Men exhibited higher SCRs than women across trial types, at odds with the common conception that women are more easily aroused by emotional and salient events, as compared to men [55]. Studies showed higher SCR in women relative to men when expecting electric shocks [118], preparing for public speaking [19], and viewing emotionally negative images [49], suggesting a higher harm avoidance tendency than men [60]. This sex difference appeared to be especially pronounced in stressful situations [119] and in individuals with depression and anxiety disorders [120]. However, others have reported the opposite patterns of response during exposure to salient visual and olfactory stimuli [49,53,54], as well as no sex differences during exposure to either negative or positive images [13,57,58,121,122].

Studies have highlighted greater female sensitivity during passive exposure to negative stimuli and reported higher reward-seeking responses in men during goal-directed behaviors. In a meta-analysis examining trait sensitivity and measures of approach and avoidance behaviors, men exhibit greater motivation to pursue reward than women whereas women exhibit greater motivation to avoid punishment than men [60]. In studies involving financial incentives, men were more motivated by monetary gains and less willing to share reward or accept small offers relative to women in laboratory paradigms [123,124]. Further, in brain imaging men as compared to women showed significantly greater activation to emotionally positive stimuli, including financial incentives, in the amygdala and visual cortices [58,125,126]. Thus, the current findings of enhanced SCR and behavioral performance may have reflected a stronger drive to seek reward in men than in women.

Compared to women, men showed higher SCR to both GS and NGS trials.
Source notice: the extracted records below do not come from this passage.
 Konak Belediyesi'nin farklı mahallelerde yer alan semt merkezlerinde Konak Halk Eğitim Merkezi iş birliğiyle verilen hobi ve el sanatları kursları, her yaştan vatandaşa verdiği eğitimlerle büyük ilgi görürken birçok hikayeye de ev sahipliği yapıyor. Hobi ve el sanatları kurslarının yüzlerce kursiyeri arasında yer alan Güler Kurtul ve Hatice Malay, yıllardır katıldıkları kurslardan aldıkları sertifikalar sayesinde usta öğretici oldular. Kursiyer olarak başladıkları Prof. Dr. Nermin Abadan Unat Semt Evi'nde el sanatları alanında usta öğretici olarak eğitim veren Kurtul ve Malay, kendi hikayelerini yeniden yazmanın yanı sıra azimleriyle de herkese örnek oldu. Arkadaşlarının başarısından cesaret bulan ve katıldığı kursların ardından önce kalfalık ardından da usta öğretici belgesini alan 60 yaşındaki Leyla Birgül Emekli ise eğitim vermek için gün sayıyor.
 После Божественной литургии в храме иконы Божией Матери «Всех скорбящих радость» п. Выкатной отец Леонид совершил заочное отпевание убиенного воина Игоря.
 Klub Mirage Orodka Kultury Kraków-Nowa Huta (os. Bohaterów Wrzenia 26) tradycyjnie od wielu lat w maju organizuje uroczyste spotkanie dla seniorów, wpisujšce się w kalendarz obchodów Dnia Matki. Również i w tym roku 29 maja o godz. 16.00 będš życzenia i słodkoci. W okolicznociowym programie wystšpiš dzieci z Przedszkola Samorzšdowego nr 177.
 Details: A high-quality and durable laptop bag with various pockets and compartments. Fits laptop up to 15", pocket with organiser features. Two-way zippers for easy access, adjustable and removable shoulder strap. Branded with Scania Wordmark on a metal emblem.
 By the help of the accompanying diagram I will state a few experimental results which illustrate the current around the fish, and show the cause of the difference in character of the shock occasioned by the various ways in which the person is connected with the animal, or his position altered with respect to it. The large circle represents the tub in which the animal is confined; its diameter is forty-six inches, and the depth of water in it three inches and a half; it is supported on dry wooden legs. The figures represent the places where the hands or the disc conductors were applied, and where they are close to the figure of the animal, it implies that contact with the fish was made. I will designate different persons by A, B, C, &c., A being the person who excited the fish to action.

Interestingly, while men exhibited a more robust relationship between SCR and SR as well as GS rate, women demonstrated a stronger relationship between SCR to NGS trials and NGS rate. The findings suggest the importance in examining sex-specific characteristics in physiological arousal in conjunction with approach and avoidance behavior. In particular, despite a lack of sex difference in SR, there was a closer relationship between SR and physiological arousal as well as reward-driven behavior in men than women. As these sex differences may be specific to behavioral contingencies, more work is needed to explore how task variables, including go/no-go ratio and a predominantly punishing scheme, may influence arousal.

Conclusions

Combining a reward GNG task, recording of electrodermal responses, and measures of trait sensitivity, we showed that physiological arousal depended on task outcome, the underlying action, and individual differences including reward sensitivity and sex. Skin conductance response to monetary reward partially mediated the relationship between reward sensitivity and go success rate. These findings suggest interdependent links between the autonomic nervous activity, personality, and goal-directed behavior and may help us better understand the biological bases of approach and avoidance behaviors in health and illness.